Jeanette Fitzsimons: our Next glamour girl
Jeanette Fitzsimons, as you’ve never seen her, glams it up on Next magazine’s February cover
People like to talk about Jeanette Fitzsimons’ “steely” political character. Former co-leader Rod Donald called her “the steel magnolia”. On Next magazine’s February cover, Fitzsimons owns the page.
The Dominion Post, mindful of Next’s “role models not supermodels” tagline, made some catty observations about make up and airbrushing. Plenty of the former, a touch of the latter, plus an exquisite black dress, make for a smokin’ picture. Something seemed missing though: when Next brushed away the character lines, with them went Fitzsimons’ trademark modesty. The cover figure’s character seems changed. Whether they’ve peeled away the surface distractions, and revealed the true Jeanette, I guess only she will know.
But I don’t buy the Dom Post’s line: Next dresses Fitzsimons up, but they dress some others down. Miriama Kamo features, in what must surely be a deliberately-chosen uncomposed shot: the girl next door, with a less than perfect smile. (Ed's note: in the interest of full disclosure, that story was written by co-Punditeer Eleanor Black). Twice in the space of a few pages, Next shows us another side to a woman we think we know, that we haven’t seen before.
There’s a little blip in the trend lately, towards magazines trying the gimmick of an untouched cover shot. Next’s approach might be another route to the same end: take an everyday woman (blessed with some natural advantages), give her the same treatment as any actress or supermodel, and she looks no less arresting than they. The basic point is the same.
“Jeanette Fitzsimons,” blares the magazine cover, “How one woman followed her heart and changed our world”. I envy Fitzsimons’ perspective on decades of green advocacy. The cover story quotes her on her 1982 decision to resign as energy spokesperson for the Values Party, feeling that “there was no role for a green party, no public discussion about sustainability, and no interest in preserving anything for the future”. How much has that really changed? Discourse has changed a lot, now that the Greens are a genuine political force, in Parliament in respectable numbers. But the world … maybe not so much.

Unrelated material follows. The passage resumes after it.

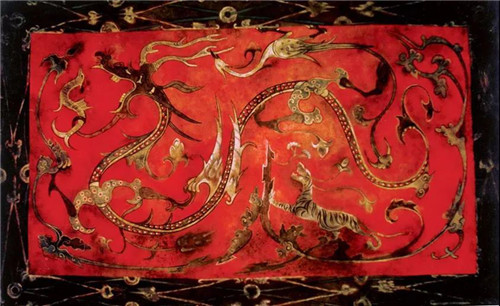 青龍?jiān)谔,巧足生花;攀龍朱雀,銜角飄飛;仰首白虎,攀龍附鳳;俏皮玄武,龍舌環(huán)抱。

For this article’s purposes, though, Fitzsimons proves that a woman really can have it all, if she’s passionate enough: she can be beautiful, brainy, articulate, wife, mother, politician, party leader, world-grade environmentalist, deservedly loved – and in Fitzsimons’ case, undeservedly often ignored. The randomness of our media-driven collective enthusiasms – like calling Judy Bailey “mother of the nation”, for reading the news for heaven’s sake, and emoting it prettily – sometimes really sucks.
But maybe the world is changing. Next calls this “the love issue”, with pieces on couples and single girls, and a page advertising lots of romantic red stuff; but it is in fact a very green issue. Now, Next’s editor will know that people interested in Fitzsimons are likely to also be interested in eco-stuff. This issue is a nod to that, and a canny marketing hook (if they like the issue this month, maybe they’ll buy it again). But it might also be a tiny, candle-strength beacon. If the world’s not quite made over yet, Next is doing its bit to help things along (in a girly, product-promoting way, with things like organic ammonia-free hair colour) by showing one can be Green and glamorous – that Green is glamorous.
Fitzsimons is said to be a “wry commentator”, and this is a very wry move, that’ll make people look and think twice. It‘s a cover that will sell, and spark conversations in the lunchroom – sadly, a level of interest not often sparked by the Greens’ actual policies.
I was fascinated by the pictures too, but I did buy the mag and read the words, and I was glad I did. And not just because it allows me to say this: while debating whether and how Fitzsimons has been airbrushed, and remarking on her gorgeousness, think about what she says too – because she’s not just a pretty face.